Déjà arrivée sur le perron de l’escalier, jusqu’où l’avait accompagnée le président avec une politesse cérémonieuse, il lui vint, sans qu’elle sut comment, une étrange pensée. « Me serait-il permis de voir le malheureux Olivier Brusson ? » demanda-t-elle au président, en se retournant brusquement. Celui-ci la regarda d’un air pensif, et ce sourire désagréable qui lui était propre vint contracter son visage. «Vous voulez sans doute, dit-il, respectable demoiselle. apprécier par vous-même le degré d’innocence d’Olivier, vous confiant davantage à votre prévention, à votre jugement intérieur, qu’aux faits accomplis devant nos yeux. — Eh bien, si vous ne craignez pas de pénétrer dans la sombre demeure du crime, si vous ne répugnez pas à voir le tableau de la dépravation humaine sous toutes ses faces, dans deux heures les portes de la Conciergerie seront ouvertes pour vous. On mettra en votre présence cet Olivier dont le sort excite si puissamment votre intérêt. »

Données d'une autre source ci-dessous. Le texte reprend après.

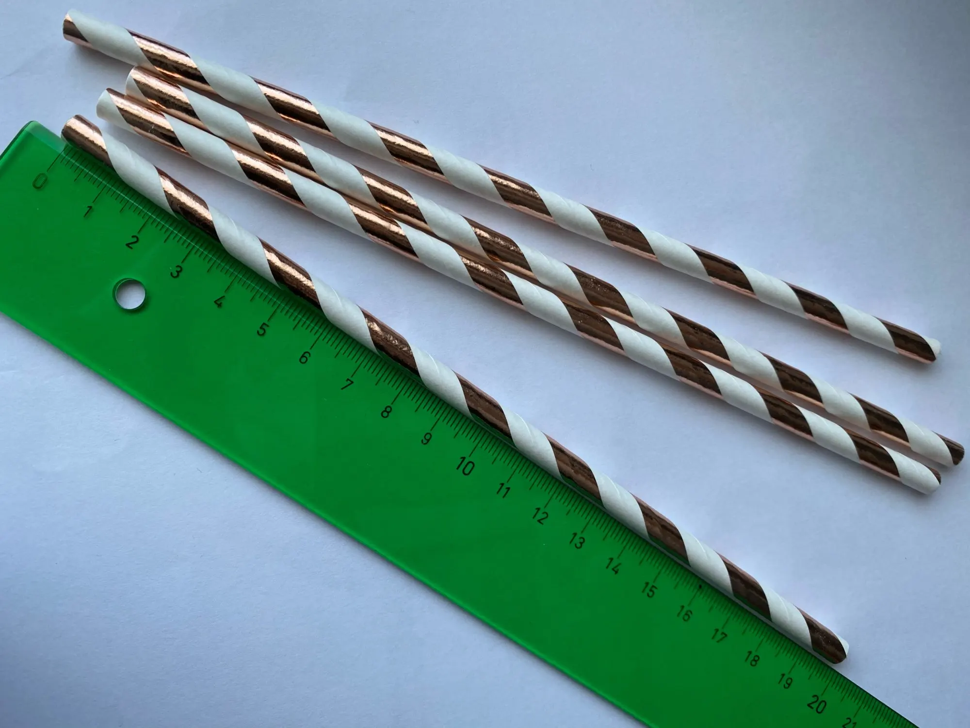 Они прибыли вовремя и в отличном состоянии. Они розового золота (как они появляются на фото) И они измеряют 19,5 см в длину и имеют 5 мм в диаметре (они несколько уже, чем пластиковые соломинки всей жизни). Они сделаны из бумаги, но они все еще твердые.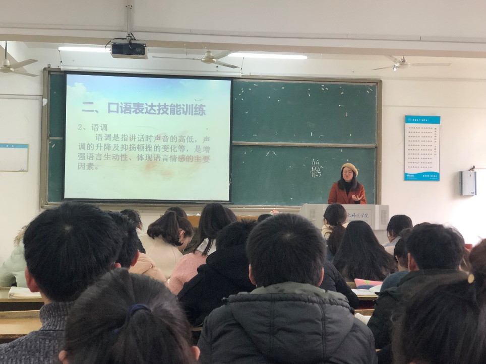 WilliamHill官方网站附属小学语文高级教师郑收老师为2017级化学(师范)班讲授《教师口语与教师礼仪》,郑老师多次参加国家级、省级以上教学比赛并获奖,对教师口语与教师礼仪课程理解深刻,讲授专业,上课生动,课堂气氛热烈,获得了很好的教学效果。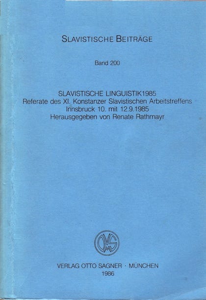 Bibl. Angabe: R. Rathmayr (Hg.): Slavistische Linguistik 1985. Referate des XI. Konstanzer Slavistischen Arbeitstreffens in Innsbruck 10.-12. September 1985 (= Slavistische Beiträge 200). München 1986.

En effet, mademoiselle de Scudéry ne pouvait se persuader que ce jeune homme fut coupable. Tout s’élevait contre lui, et nul juge au monde n’aurait agi autrement que La Reyuie sur des témoignages aussi décisifs. Mais la vive et émouvante peinture que Madelon lui avait tracée de leur constante félicité domestique, faisait taire tous les soupçons dans l’esprit de la demoiselle, et elle préférait croire à un mystère inexplicable, que d’adopter un sentiment contre lequel se révoltaient toutes les facultés de son âme.

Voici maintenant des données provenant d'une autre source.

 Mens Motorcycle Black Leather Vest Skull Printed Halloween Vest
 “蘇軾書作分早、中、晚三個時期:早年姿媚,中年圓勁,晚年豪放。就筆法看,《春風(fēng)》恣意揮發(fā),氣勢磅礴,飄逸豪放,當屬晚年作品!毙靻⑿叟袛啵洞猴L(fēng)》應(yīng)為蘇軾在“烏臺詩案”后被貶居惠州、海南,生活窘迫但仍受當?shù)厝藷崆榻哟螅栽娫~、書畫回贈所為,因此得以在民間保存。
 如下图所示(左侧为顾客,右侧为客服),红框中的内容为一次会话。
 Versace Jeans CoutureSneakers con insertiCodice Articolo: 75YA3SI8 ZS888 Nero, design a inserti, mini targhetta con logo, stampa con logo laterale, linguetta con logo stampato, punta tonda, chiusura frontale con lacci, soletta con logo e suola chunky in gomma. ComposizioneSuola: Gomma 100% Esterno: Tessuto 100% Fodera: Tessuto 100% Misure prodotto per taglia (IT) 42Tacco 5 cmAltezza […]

Elle songea donc à se faire raconter de nouveau par Olivier toutes les circonstances de la nuit fatale, et à approfondir autant que possible un secret qui n’était peut-être resté impénétrable aux juges qu’à cause du peu d’importance attachée par eux à son éclaircissement complet.

Dès qu’elle fut arrivée à la Conciergerie, on conduisit mademoiselle de Scudéry dans une grande chambre très vivement éclairée. Peu de temps après, elle entendit un bruit de chaînes. Olivier Brusson fut introduit. Mais au moment même où il parut sur le seuil de la porte, mademoiselle de Scudéry tomba évanouie. Lorsqu’elle revint à elle, Olivier avait disparu. Elle demanda vivement qu’on la reconduisit à sa voiture, disant qu’elle voulait sortir, sortir sur-le-champ du séjour qu’habitait la plus noire scélératesse. Hélas ! — Du premier coup-d’oeil, elle avait reconnu dans Olivier Brusson le jeune homme qui, sur le Pont-Neuf, lui avait jeté un billet dans sa voiture, le même qui avait apporté chez elle le coffret aux bijoux.


5. Le célèbre avocat Patru, dont le prénom est Olivier, naquit en 1604 et mourut le 16 janvier 1681. Il est très probable que c’est lui qu’Hoffmann a eu l’intention de mettre en scène. La condition médiocre qu’il lui attribue est tout à fait d’accord avec l’histoire ; car, malgré sa réputation extraordinaire comme grammairien, malgré le retentissement de ses plaidoyers, cités comme des modèles de style et de composition, il mourut dans un dénûment presque complet. Reçu à l’académie en 1640, il adressa à ses nouveaux collègues un discours de remercîment qui produisit un si grand effet, qu’on décida sur-le-champ que tous les récipiendaires à venir devraient se conformer à la même étiquette cérémonieuse, je dirais presque à cette mystification dont le puriste Patru avait donné l’exemple.